HUGH LAURIE

Let Them Talk

Let Them Talk

Wykonanie

Nagranie

Ciekawa sprawa z tym Hugh Laurie. Zagrał tyle fantastycznych ról, a wszyscy kojarzą go tylko z jedną. I chyba nie muszę wspominać jaką. Tak czy siak facet jest utalentowanym muzykiem, o czym można się przekonać, słuchając kawałków, które były prezentowane w "A Bit of Fry and Laurie". Może nie były to tak do końca występy na serio, ale nadszedł moment, w którym inny jego zestaw muzyczny należy odebrać całkowicie poważnie.

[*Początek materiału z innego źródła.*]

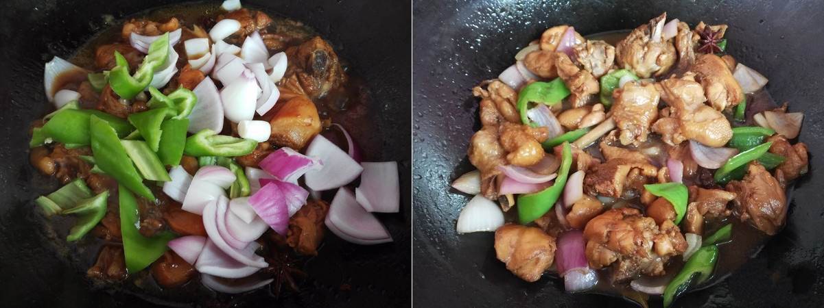Bước 4 - Cuối cùng cho hành tây và ớt vào đảo đều cho hành và ớt chín thì tắt bếp.
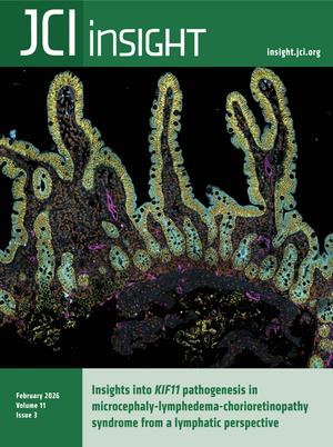 Ogmen et al. report clinical features and disease mechanisms in patients with microcephaly-lymphedema-chorioretinopathy with KIF11 pathogenic variants, focusing on lymphatic function. The cover image shows confocal immunofluorescence microscopy of a paraffin section of human duodenum from a patient with a KIF11 variant. E-cadherin labels epithelial cells in yellow, PDPN marks lymphatic vessels in magenta, CD31 visualizes blood vessels in cyan, and nuclei are shown in orange. Image credit: Pia Ostergaard, Kazim Ogmen, Silvia Martin-Almedina, Felix Heymann, Rose Yinghan Behncke, and René Hägerling.
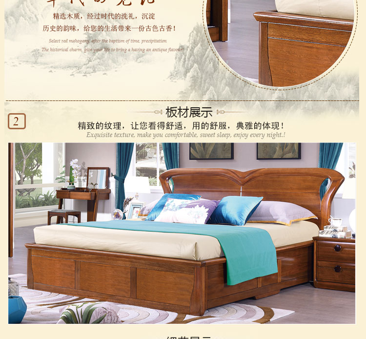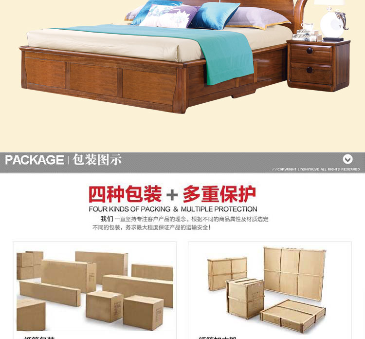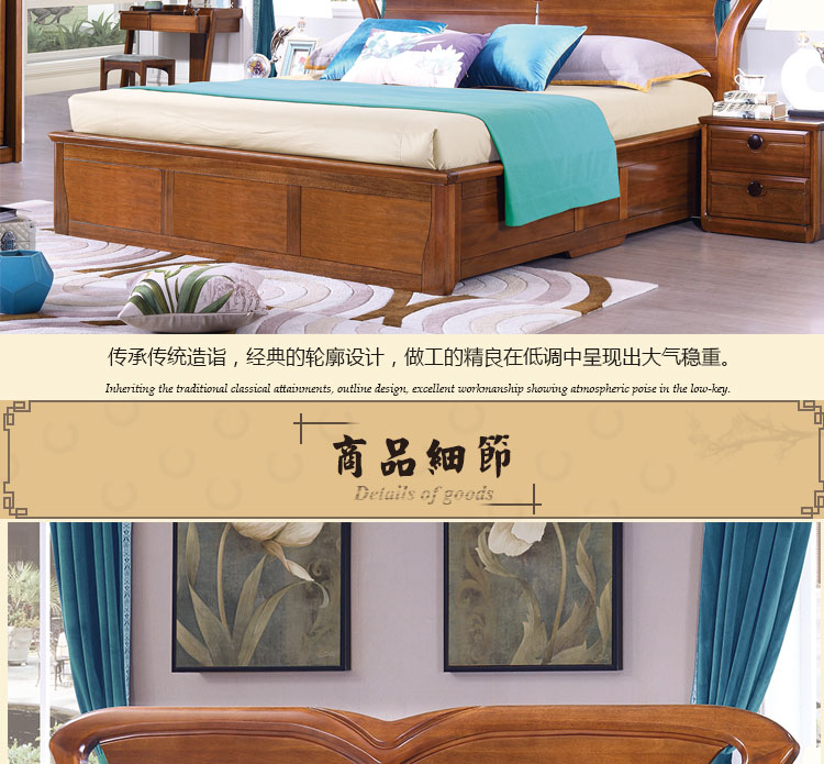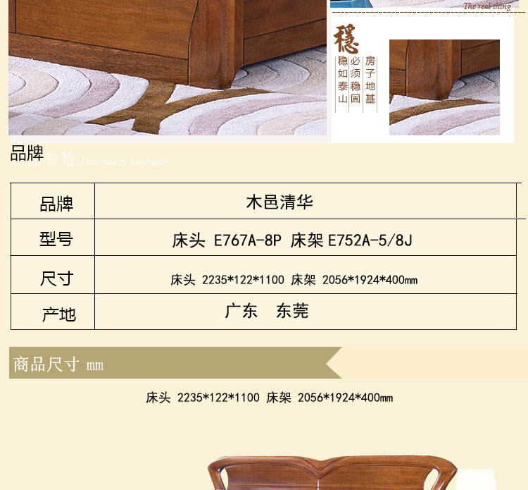 木邑清华 新款高箱床1.8米床卧室双人床实木床 E767A-8P

Serialowy doktor House posiadał fortepian i nawet czasem na nim grał. Całkiem rzeczywisty Hugh Laurie jest uzbrojony w całą bandę innych instrumentów, których nie zawahał się użyć podczas nagrywania krążka (choć nie mówię, że własnymi rękami to uczynił). Ale najważniejszym z nich jest jego głos. Lekko sepleniąca wymowa, akcent nie do końca zidentyfikowany i fajne odzwierciedlenie emocji - oto zestaw, którego nie ma znaczna część "pełnoetatowych" muzyków. Fuzja kunsztu aktorskiego i muzycznego daje połączenie niezwykle żywe, ciekawe i niesztampowe.

Anglik biorący się za blues w pierwszym odruchu może powodować kpiący uśmiech. Ale już po pierwszym odsłuchu "Let them talk" ciężko obyć się bez zmiotki i szufelki potrzebnych w celu zbierania szczęki z podłogi. Bo można Lauriego kochać, można go nienawidzić, ale ciężko zarzucić mu wypuszczanie gniota, który ma się sprzedać tylko i wyłącznie z powodu znanego nazwiska.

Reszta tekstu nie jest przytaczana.